Судя по всему, процесс привлечения белковых комплексов к регуляторным элементам ДНК более сложен, чем мы представляли ранее: он не реализуется за счет отдельных белок-белковых взаимодействий (например, между модификацией гистона и отдельным белковым доменом, «читающим» модификацию, или между ДНК-связывающим транскрипционным фактором и субъединицей белкового комплекса). Белковые комплексы, регулирующие транскрипцию, чаще всего состоят из набора субъединиц, многие из которых содержат различные домены (ДНК-связывающие, распознающие гистоновые модификации, взаимодействующие с транскрипционными факторами). Вполне вероятно, что в единственном акте рекрутирования транскрипционного комплекса на хроматин принимают участие несколько подобных доменов, входящих в состав различных субъединиц. Именно набор таких ДНК-белковых и белок-белковых взаимодействий, реализующихся в отдельном акте рекрутирования комплекса к регуляторному элементу, может определять тип функциональной активности комплекса на данном участке хроматина (рис. 5А).
Гораздо детальнее и более однозначно определена роль ковалентных модификаций гистонов в распространении компактизированного хроматина, репрессирующего транскрипцию. Для создания областей компактизированного хроматина и подавления нежелательной транскрипции генов клетка использует различные системы. Можно выделить две активных системы компактизации хроматина, в основе которых лежат белки Pc и HP1, несущие в своем составе хромодомены, способные связывать специфические метилированные остатки гистона Н3 [101–103]. Интересно, что в обеих системах компактизации (Pc- и HP1-зависимых) распознавание ковалентных гистоновых модификаций играет роль именно на стадии распроcтранения хроматина внутри хромосомного домена, но не на стадии первичного рекрутирования репрессирующих комплексов к ДНК (осуществляемого специфическими ДНК-связывающими белками) (рис. 5Б). Так, распространение Pc-зависимой репрессии происходит при участии комплексов PRC1 и PRC2, один из которых способен распознавать модификацию H3K27me3 хроматина, а второй, соответственно, ее вносить.

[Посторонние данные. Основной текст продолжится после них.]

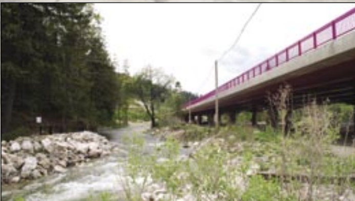
202 ponad rieku Poprad neďaleko tunela.

Niekoľko krokov od tunela premostuje rieku Poprad. Zvláštnosťou je oceľový rošt pod mostovkou. Natreli ho ružovou farbou, typickou pre diela zhotovené pre Národnú diaľničnú. Rošt má hmotnosť 1 360 ton a ďalšie tri tony vážia zvary v rošte. Most je najdlhším v trase úseku, meria okolo štvrt kilometra. Ľavý most má o jedno pole viac ako pravý.
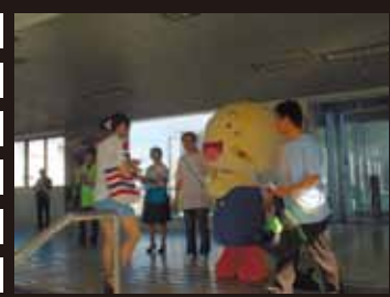
7/2 青少年健全育成街頭啓発で啓発物配り

8月4日はれ 茅野どんぱんに遊 びに行ったよ。みんな 元気で、おもわず市長 さんたちとおどっち やった。 そしたら、りんごの の花のようせい「のり んどんぱんどん」が出 てきたんだ。なかよし の友だちになったよ。
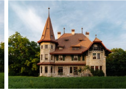
M.A.D House Exterior view
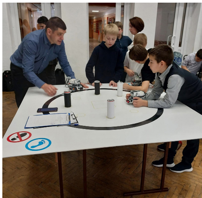
IX соревнования по робототехнике на Кубок Губернатора Томской области
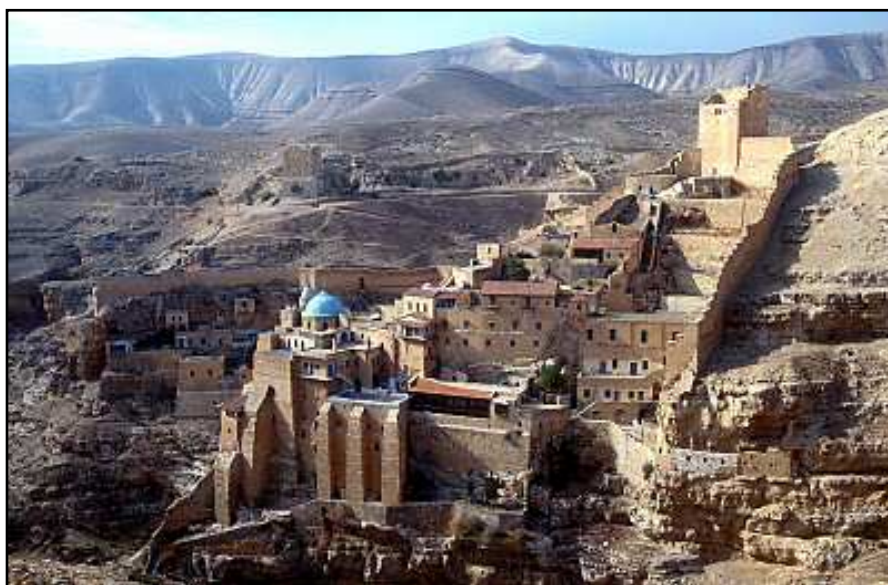
Mănăstirea Sf. Sava (Mar Saba) de lângă Ierusalim

La noi în prezent de asemenea se simte necesitatea de a formula o rânduială tipiconală locală care, pe de o parte să combine tradițiile slavă și româno-bizantină, iar pe de altă parte să dea un caracter oficial unor rânduieli locale sau generale neprevăzute de vechile Tipicuri.
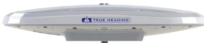
Nästa generations GNSS kompass Vector V200

True Headings produktsortiment omfattar också avancerade lösningar för positionering och kurshållning. Våra GPS kompasser har en omfattande marknadsandel på den svenska marknaden med bl.a. Waxholmsbolaget som en av de större nyttjarna. Under våren 2019 lanseras en helt ny generation satellit kompasser som kommer att erbjuda inte bara positioneringsnoggrannhet och prestanda baserat på amerikanska GPS utan även på ryska GLONASS, EU:s GALILEO och Kinesiska BEIDOU. Från ett satellitnavigeringssystem till fyra stycken samtidigt i en produkt.
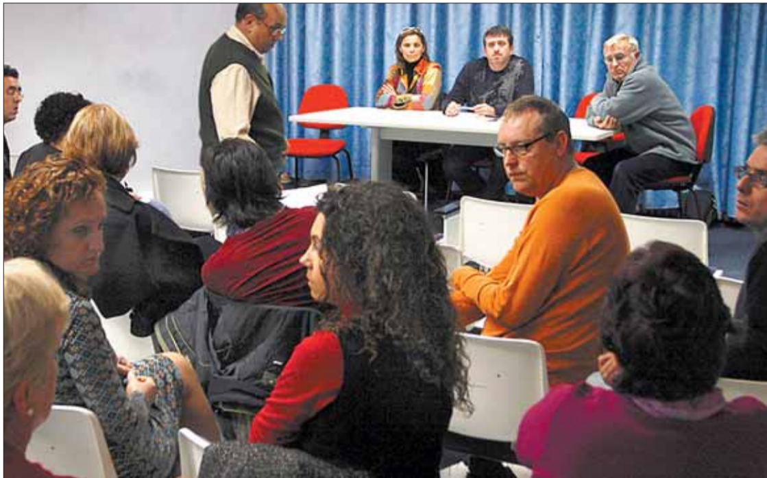
Los miembros de Projecte Obert se reunieron ayer en Burjassot.

También acordaron el apoyo en las próximas elecciones generales a los candidatos que ganaron las primarias convocadas por Izquierda Unida frente a los
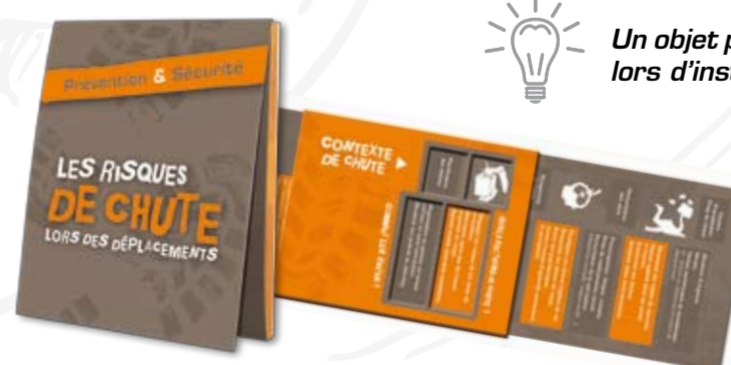
Les risques de chutes réf. 1155C

Des conseils malins pour éviter l'accident de plain-pied, présentés de manière ludique, sous forme de réglotte.
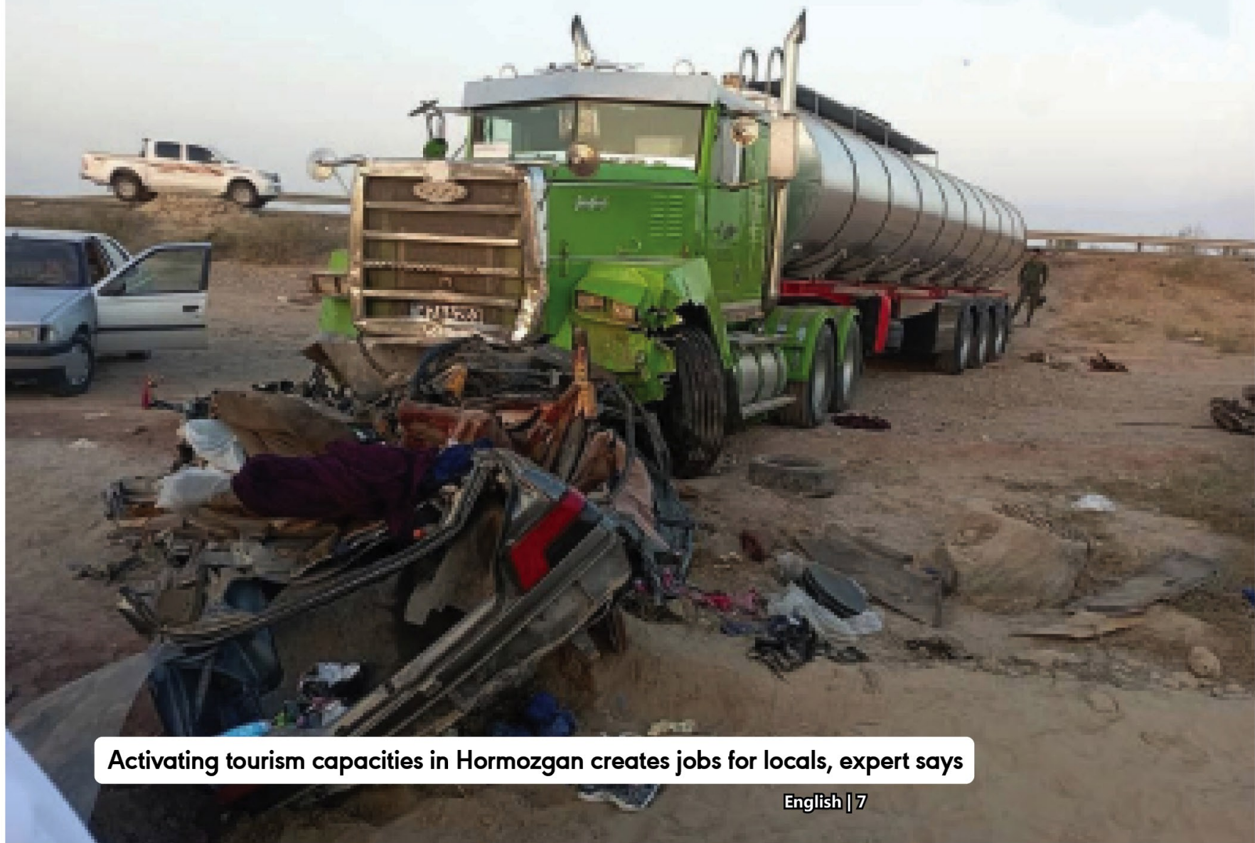
Activating tourism capacities in Hormozgan creates jobs for locals, expert says

Взаимосвязанная работа данных комплексов организует распространение Pc-зависимой репрессии вокруг PRE-элементов, представляющих собой инициаторы Pc-зависимой компактизации [104]. Судя по всему, модификация H3K27me3 необходима не только для распространения Pc-зависимого хроматина вдоль нити ДНК, но и для сохранения соответствующего статуса хроматина после прохождения через него вилки репликации [105]. В механизме распространения перицентромерного гетерохроматина также функционирует положительная петля обратной связи, основанная на распространении ковалентной модификации гистона. В данном случае метилтрансфераза Su(var)3-9 (Suv39H у млекопитающих) модифицирует гистон Н3 по положению 9, что приводит к рекрутированию белка гетерохроматина HP1 (который, в свою очередь, привлекает новую порцию метилтрансферазы на компактизируемый участок) [106].
Рис. 5. А – комбинаторный характер рекрутирования транскрипционных корегуляторов. В состав субъединиц корегуляторов часто входят ДНК-связывающие мотивы, домены, распознающие ковалентные модификации гистонов, а также домены ассоциации с ядерными рецепторами и транскрипционными факторами. Целый ряд белковых доменов может играть роль в ассоциации корегулятора с регуляторным элементом ДНК, а также оказывать воздействие на его функциональную активность. Б – общая концепция роли гистоновых модификаций в распространении компактизированного хроматина. Первоначальный рекрутинг комплексов, компактизирующих хроматин, происходит за счет ДНК-связывающих факторов. Ковалентные модификации гистонов важны именно для распространения компактизации хроматина вокруг первоначального сайта связывания комплексов. В – состояние «паузы» РНК-полимеразы II характеризуется наличием на промоторе неактивных генов коротких «абортивных» транскриптов. Г – гены с бивалентными модификациями нуклеосом (активными, H3K4me3, и репрессивными, H3K27me3) в эмбриогенезе характеризуются возможностью дальнейшей репрессии или активации транскрипции в отдельных тканях при их дифференцировке. Более детальное описание рисунков приведено в тексте. Там же приведены ссылки на работы, послужившие основой для формирования молекулярных моделей процессов, ассоциированных с транскрипцией. Все модели созданы при помощи приложения BioRender.com
Как мы видим, в процессах активации и репрессии транскрипции распознавание гистоновых модификаций зачастую не является первичным сигналом, определяющим рекрутирование транскрипционных регуляторов. Закономерным развитием идеи «гистонового» кода стала гипотеза о том, что ковалентные модификации гистонов необходимы для обмена транскрипционных комплексов на регуляторных сайтах [107]. Этому способствовали эксперименты, показавшие существование активного обмена нуклеосом и ассоциированных с ними белков на работающих регуляторных элементах [108].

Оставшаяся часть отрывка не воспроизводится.